# Find the circulation around a closed contour which is defined by $$x = 1, y = 0, y = 1$$ and $$x = 0$$.

A velocity field is given by $$u=x^{2} + y$$ and $$v= x^{3} + 2y$$. Find the circulation around a closed contour which is defined by $$x = 1, y = 0, y = 1$$ and $$x = 0$$. Units of $$u$$ and $$v$$ are in $$m/s$$.

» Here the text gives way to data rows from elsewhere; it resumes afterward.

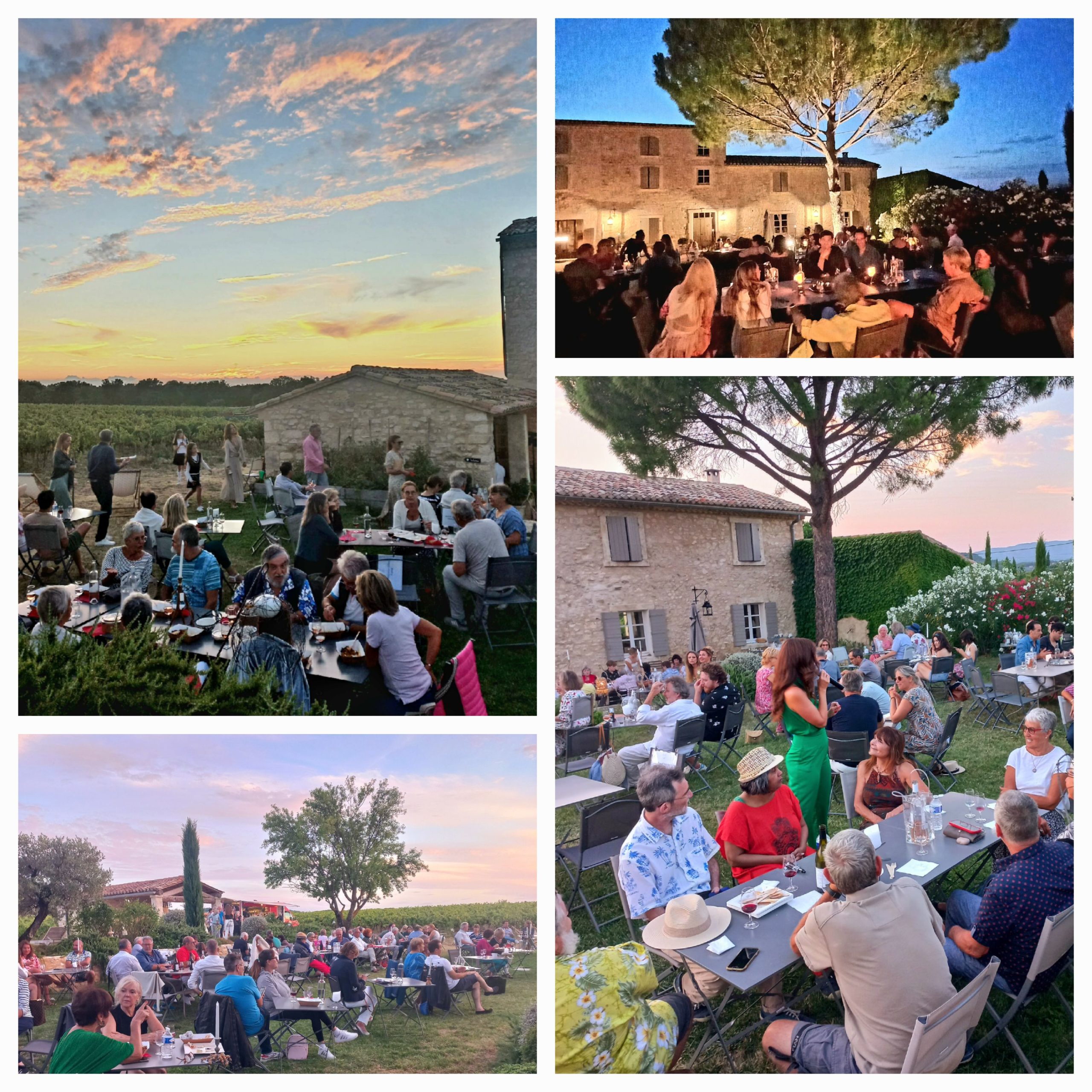 Laissez-vous emporter par l’atmosphère unique de nos dîners-concerts au Chat Blanc. Ils se déroulent dans nos jardins fleuris, au cœur de notre vignoble. Après avoir admirer le coucher de soleil, la créatrice Nathalie Maugenet de Thalie des Collines, transforme le lieu à la nuit tombée en un espace féérique grâce à une mise en lumière spécialement conçue pour l’événement.
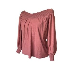 With an off the shoulder style and smocking at the wrist and neckline this Nation LTD top can be dressed up or down. The fabric is 100% pima cotton and very lightweight - perfect for sunny days. EUC
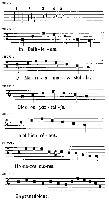 Source: Edmond de Coussemaker, Histoire de l'harmonie au moyen-age (Paris: V. Didron, 1852), 262–73.
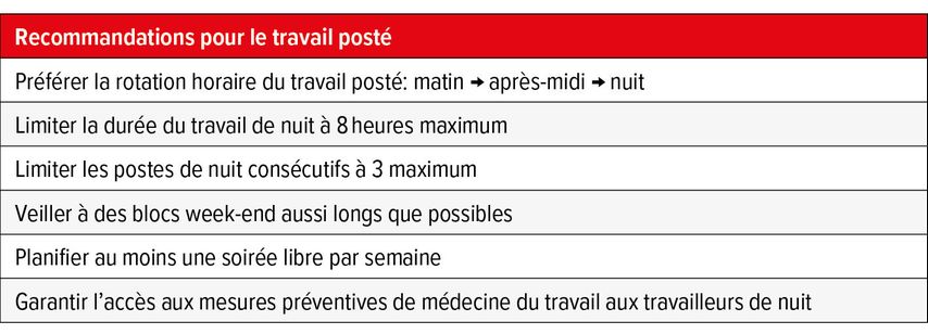 Tab.1: Recommandations pour le travail posté
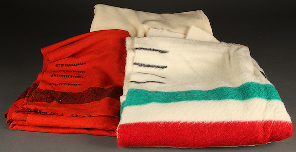 A HUDSON BAY FOUR POINT WOOL BLANKET. With Hudson Bay label, together with a red wool point blanket and a navy wool blanket.
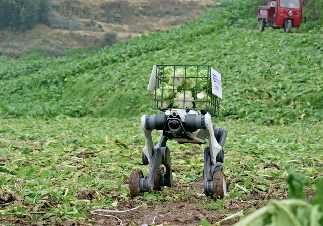 今年,田垄间多了一群特殊的“搬运工”。云深处科技四足机器人专程赴涪陵开展公益助收行动,将具身智能机器人引入田间地头,实实在在的为老百姓解决问题。在助收现场,四足机器人沿着狭窄田垄深入采收点,在湿滑泥路中稳定穿行,将一筐筐青菜头从地头运往集中堆放点。凭借强劲负载能力,云深处科技机器狗单次驮运量远超人工搬运,大幅减少往返次数;同时,在路线交错复杂的山地菜田环境中,机器狗依托搭载的传感器能实时识别石块、水坑等障碍,自动调整行进路线完成绕行,按设定点位精准往返于采收点与集中堆放点,实现从田间到堆场的自动化配送,让青菜头转运更高效顺畅。

Asked on 15th April 2021 in

Circulation around a rectangular contour

The closed contour is a square and its corner are at $$A(0,0), B(1,0), C(1,1), D(0,1)$$.
Circulation is given by $\Gamma =\int _{ABCD}udx + vdy$
$\Rightarrow\Gamma = \int_{A}^{B}udx + \int_{B}^{C}vdy+\int_{C}^{D}udx+\int_{D}^{A}vdy$
$=\int_{0}^{1}\left ( x^{2}+y \right )dx + \int_{0}^{1}\left ( x^{3}+2y \right )dy+\int_{1}^{0}\left ( x^{2}+ y \right )dx + \int_{1}^{0}\left ( x^{3}+2y \right )dy$ In the first integral, $$y=0$$, in second integral $$x=1$$, in the third integral, $$y=1$$ and in the fourth integral $$x=0$$.
$=\int_{0}^{1}\left ( x^{2} \right )dx + \int_{0}^{1}\left ( 1 + 2y \right )dy + \int_{1}^{0}\left ( x^{2} + 1 \right )dx + \int_{1}^{0}\left ( 2y \right ) dy$
$=\left | \frac{x^{3}}{3} \right |_{0}^{1}+\left | y+ \frac{2y^{2}}{2} \right |_{0}^{1}+\left | \frac{x^{3}}{3} + x \right |_{1}^{0}+\left | \frac{2y^{2}}{2} \right |_{1}^{0}$
$=\left [ \frac{1}{3} \right ]+\left [ 1+1 \right ]+\left [ -\frac{1}{3}-1 \right ]+\left [ -1 \right ]=0$

Answered on 30th April 2021.